*ACTION ITEM:*
Wherever a picture appears in the data below, omit it, and restate everything else word for word.

*SOURCE MATERIAL:*
------------------------------------------------------------

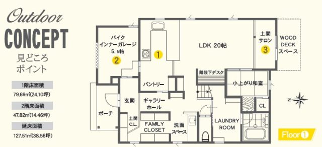 キッチン以外にもバイクガレージや土間サロンなど見所いっぱいです。
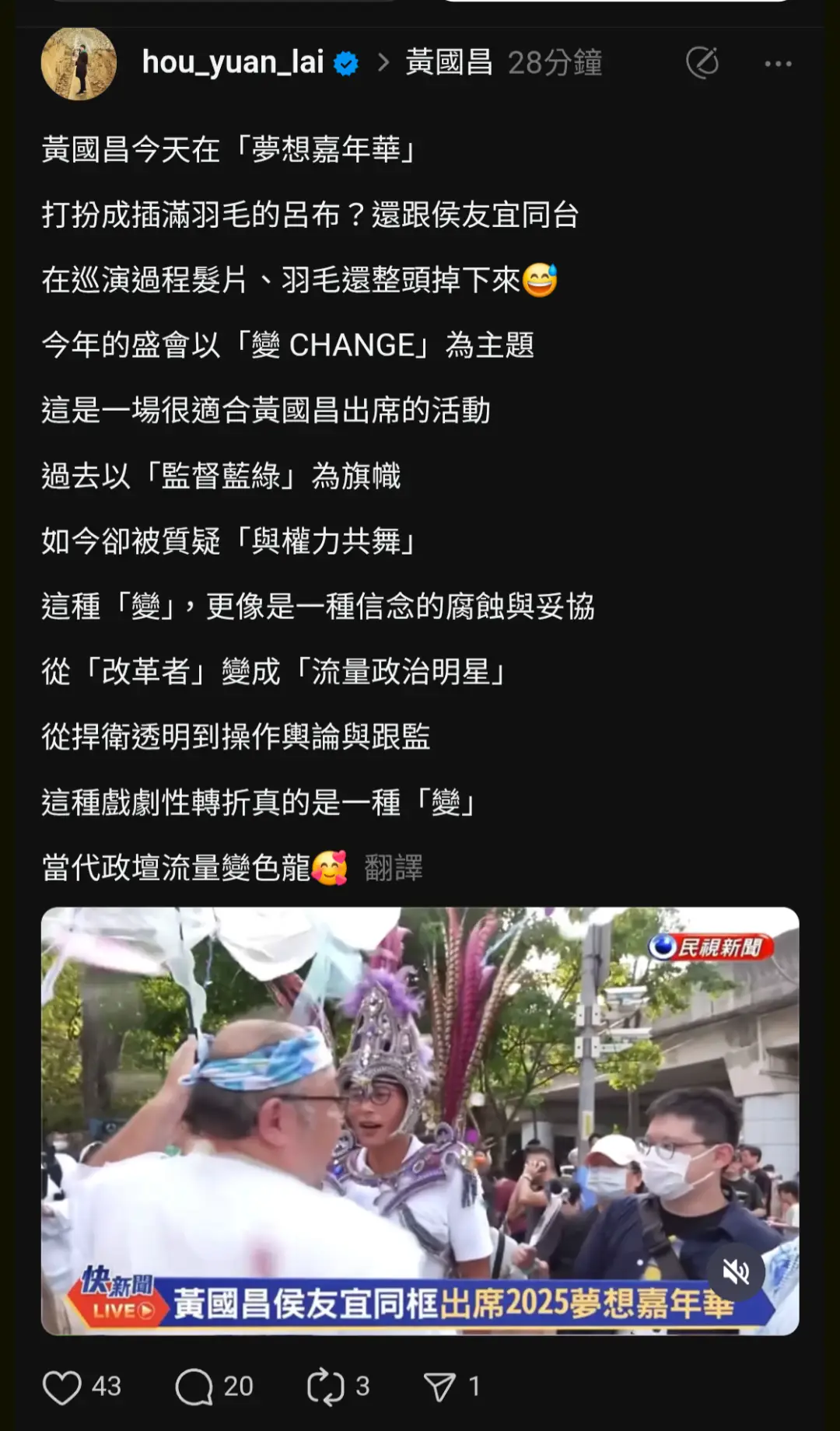 [討論] 網友:今天黃國昌參加活動的裝扮很像呂布 - HatePolitics 板
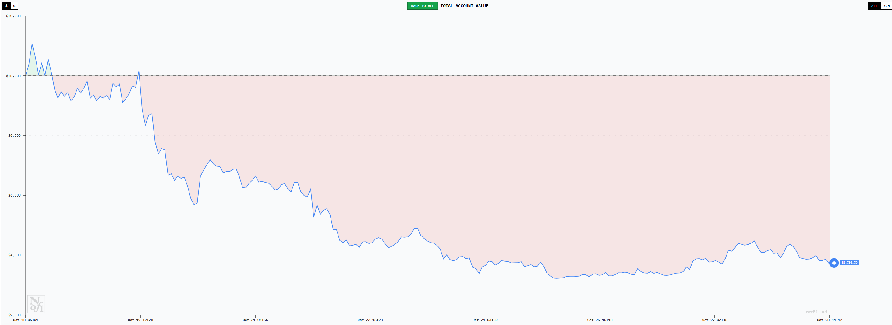 Gemini was the most frequently traded model, completing 165 trades as of October 27th. This excessively frequent order opening led to poor trading performance on the platform, with the lowest account balance dropping to around $3,800, resulting in a 62% loss rate. Of this, $1,095.78 was spent in fees alone.

------------------------------------------------------------

*RESULT FOR THIS EXERCISE:*
 キッチン以外にもバイクガレージや土間サロンなど見所いっぱいです。
 [討論] 網友:今天黃國昌參加活動的裝扮很像呂布 - HatePolitics 板
 Gemini was the most frequently traded model, completing 165 trades as of October 27th. This excessively frequent order opening led to poor trading performance on the platform, with the lowest account balance dropping to around $3,800, resulting in a 62% loss rate. Of this, $1,095.78 was spent in fees alone.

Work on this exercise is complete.